Padre Ralph

Care mamme sognatrici,

qualche anno fa, in epoca pre-Ominica, me ne vado a zonzo per il Texas con minigonna di jeans, cappello da cow boy e aria sognante, fantasticando sulla mia carriera di attrice. Intanto mi capita di fare piccoli lavori, e per qualche tempo mi improvviso insegnante. Insegno italiano agli americani e inglese agli italiani.

Un mattino, mentre percorro con passo lento ed espressione competente i corridoi della TCU (Texas Christian University), rifletto sul fatto che dovrei comprarmi un paio di occhiali, magari con la montatura rettangolare, per immedesimarmi meglio nel ruolo di teacher. Proprio in quel momento mi chiama Camilla, la boss brasiliana che gestisce la scuola di lingue per cui lavoro, e mi supplica di accettare IMMEDIATAMENTE un nuovo lavoro: sarò l’insegnante di inglese di tale “padre I”, tutti i giorni, due ore al giorno. DAL GIORNO DOPO.

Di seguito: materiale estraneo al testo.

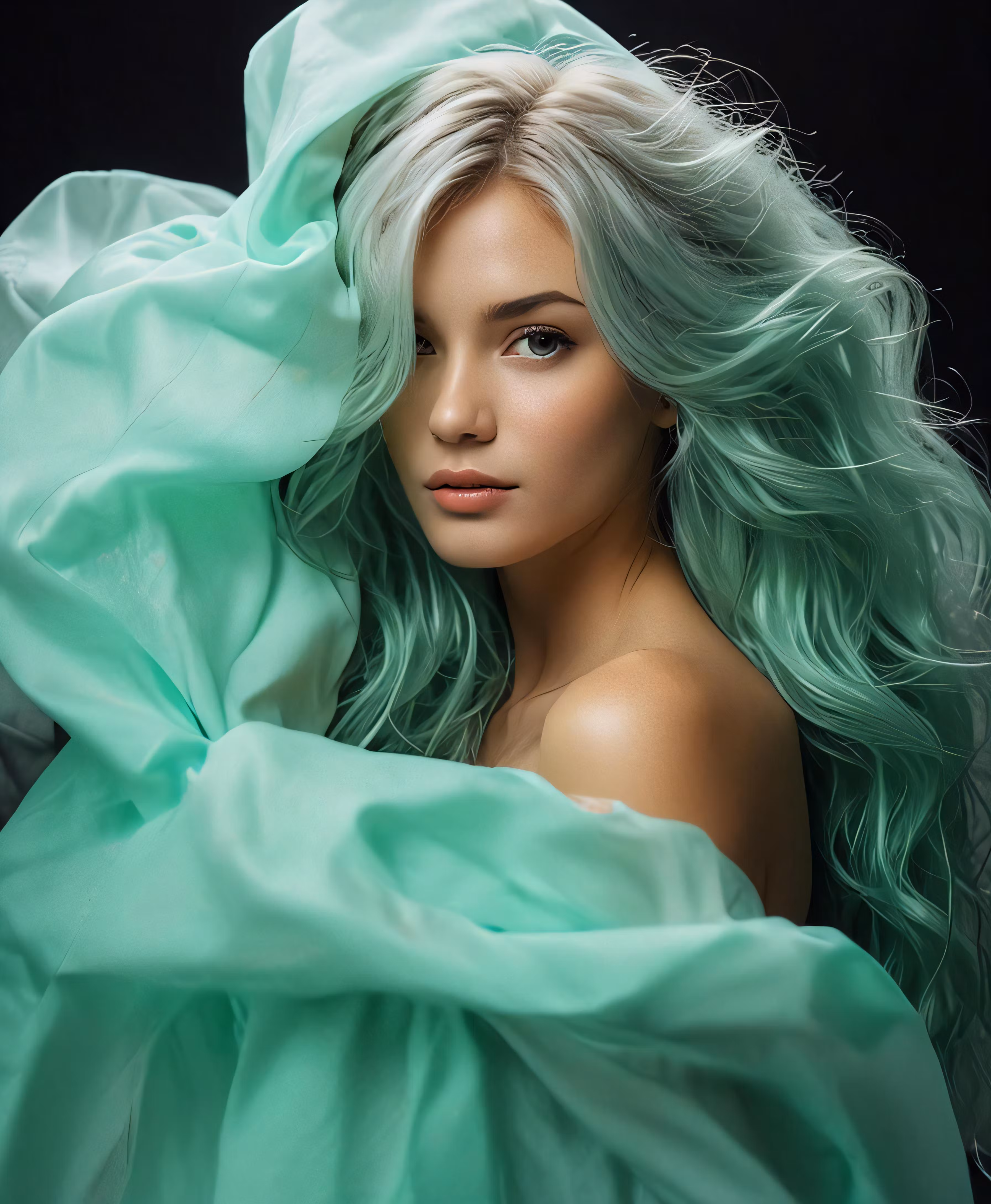 High resolution picture, free to use, a girl with long green hair and wearing a gown

Il sacerdote deve imparare l’inglese con una certa urgenza, per accedere a cariche piuttosto elevate in aree riservate del Vaticano. Vi chiedo scusa, ma ovviamente non posso approfondire il delicatissimo argomento. Devo esimermi dal trattare la questione per due motivi:

1) se ora vi raccontassi i segreti del caro padre I, poi sarei costretta a uccidervi;

2) non ricordo nulla dei segreti del caro padre I. (Mi avranno fatto il lavaggio del cervello?)

Il giorno dopo sono molto stanca, viso pallido e occhi da panda. La notte prima non ho chiuso occhio, all’idea – insinuata dal mio protettivo genitore – che lo studente in questione sia un pazzo maniaco capitato a Fort Worth con lo scopo di irretire ignare insegnanti/attrici.

Mio papà si è ripetutamente raccomandato di non accettare niente da bere, né da mangiare. Il mio ex, Former, con cui vivo in epoca texana, ha aggiunto di tenere sempre a portata di mano una bomboletta di lacca o profumo e, al minimo sospetto, di spruzzarla negli occhi di padre I. Ripenso con nostalgia alla bomboletta spray tedesca per la difesa personale che mi aveva regalato zia Angela, requisita mesi prima all’aeroporto. Ma come fa una povera ragazza a difendersi?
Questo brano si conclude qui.